The mysterious Cooper Creek turtles

Scientists are continuing their 20 year survey of one of Australia’s most unique turtles which lives in waterholes in the arid zones of western Queensland and north east South Australia.

The Cooper Creek Turtle, also known as Emmotts Turtle, is one of Australia’s largest freshwater turtles and can grow to more than 7.5kg.

Scientists last year camped at Noonbah Station, 160km south-west of Longreach, to collect and tag turtles using nets. The animals were often covered in algae; and exhibited megacephaly – enlarged head sizes – across all ages and sexes, although the researchers say it was “particularly pronounced in adult females”.

Teams from the University of New England and Canberra University have been visiting the region for more than 20 years, camping alongside Waterloo, Fishhole and Broadwater waterholes in one of Australia’s most inhospitable climates. Their latest report was published in Austral Ecology.

The researchers say they are scratching the surface of what they know of the turtles. 

The Cooper Creek Turtle (Emydura macquarii emmotti – E. m. emmotti) lives in the border region of Queensland and South Australia.

The Creek experiences dynamic and unpredictable boom–bust systems: “… that oscillates between periods of bountiful nutrients and periods of extremely limited resource,” the researchers wrote.

Donald McKnight is a biologist who led the research into this rarely surveyed turtle with Deborah Bower, Arthur Georges, and Fiorenzo Guarino.

He says the climate change impact on the Cooper Creek Turtle could be devastating.

“Climate change may end up being really detrimental to the system, especially if you get higher droughts happening. Longer and more severe droughts mean that these waterholes may start going dry more frequently,” McKnight says.

Head sizes
Size difference depending on sex/age. Credit: Austral Ecology

The turtles’ megacephaly was surprising.

“Megacephaly in Latin…literally means big head, ‘mega’ big and ‘cephaly’ head,” says McKnight.

“Usually in turtles, and in a lot of animals, when you get megacephaly, it has to do with what they’re eating.” Females dont eat the same diet as males.

There are other size differences between males and females. Females are larger and males have a longer tail.

Size difference depending on sex/age. Credit: Austral Ecology

With an maximum recorded size of 402 mm (straight-line carapace length) and estimated mass of  over 8 kg, E. m. emmotti is one of Australia’s largest chelid turtles by weight.

Bower etc
Deborah Bower and Donald McKnight setting a trap to catch Copper Creek Turtles

”Chelidae” is a family of aquatic or semi-aquatic freshwater turtles. Chelids have distinct ankle joints and webbed feet with four or five claws, and other niche features.

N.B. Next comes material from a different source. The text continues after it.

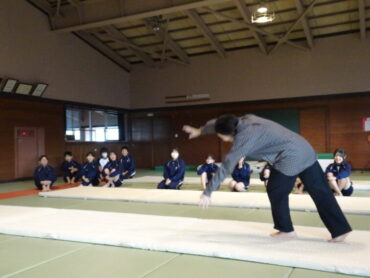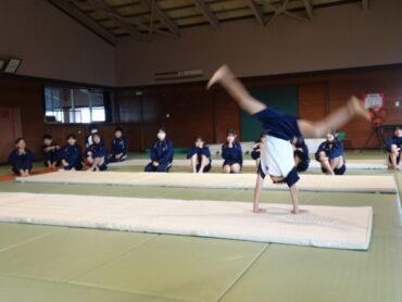 8年生は、体育でマット運動に取り組んでいます。技を組み合わせて発表するために練習しています。側方倒立回転が全員行う課題種目になっています。そこで、今日は休み時間に軽やかに側転やロンダートをしている3年生と担任の先生がゲストティーチャーとして来てくれました。8年生に向けて、手本を堂々と披露してくれました。3年生の思いきった足の振り上げや、ピンピンに伸びた大きな姿勢に8年生も拍手です。3年生の手本でよいイメージができた8年生は、その後も思い切って練習に取り組んでいました。普段は上級生から学ぶことが多いですが、このように下級生からも学ぶことができるのは、義務教育学校のよさですね。

McKnight hopes to continue studying the Cooper Creek Turtle.

“The hope is to really make this a long-term project we [can] go back year after year,  and look at growth rates and individuals as well as the population dynamics itself, and then see if we can correlate good years for turtles with what’s happening with the water cycle.”

It took the team 2 days’ driving to get to Cooper Creek, where they camped for 10 days.

“It could look lifeless at a quick glance, but then you get around these waterholes. They’re full of fish and turtles and birds and kangaroos and dingoes and everything else are coming to [the waterholes].

“We still aren’t sure how far individuals migrate (at least 15 km), but the species is found along nearly the entire length of Cooper Creek (all the way down into South Australia). So Burke and Wills certainly could have encountered (and possibly eaten) them.”

The research hasn’t come without challenges. One year, they went during the dry season, but it didn’t go to plan due to an unexpected downpour.

Img 4317 man in mud
Arthur Georges trudging through the impossible mud after a downpour at Cooper Creek.

“We were camped next to the waterhole, and were out watching as the water levels kept rising up and up and up around the campsite.”

The problem with the wet earth in the desert is it is incredibly sticky.

“You try to walk [and] you get kilograms of mud stuck to your feet.”

Bower brought her dog. It was having a miserable time with mud.

“[The] universities weren’t thrilled with us being stuck out there in those conditions, but not much you can do about it once it’s happened.”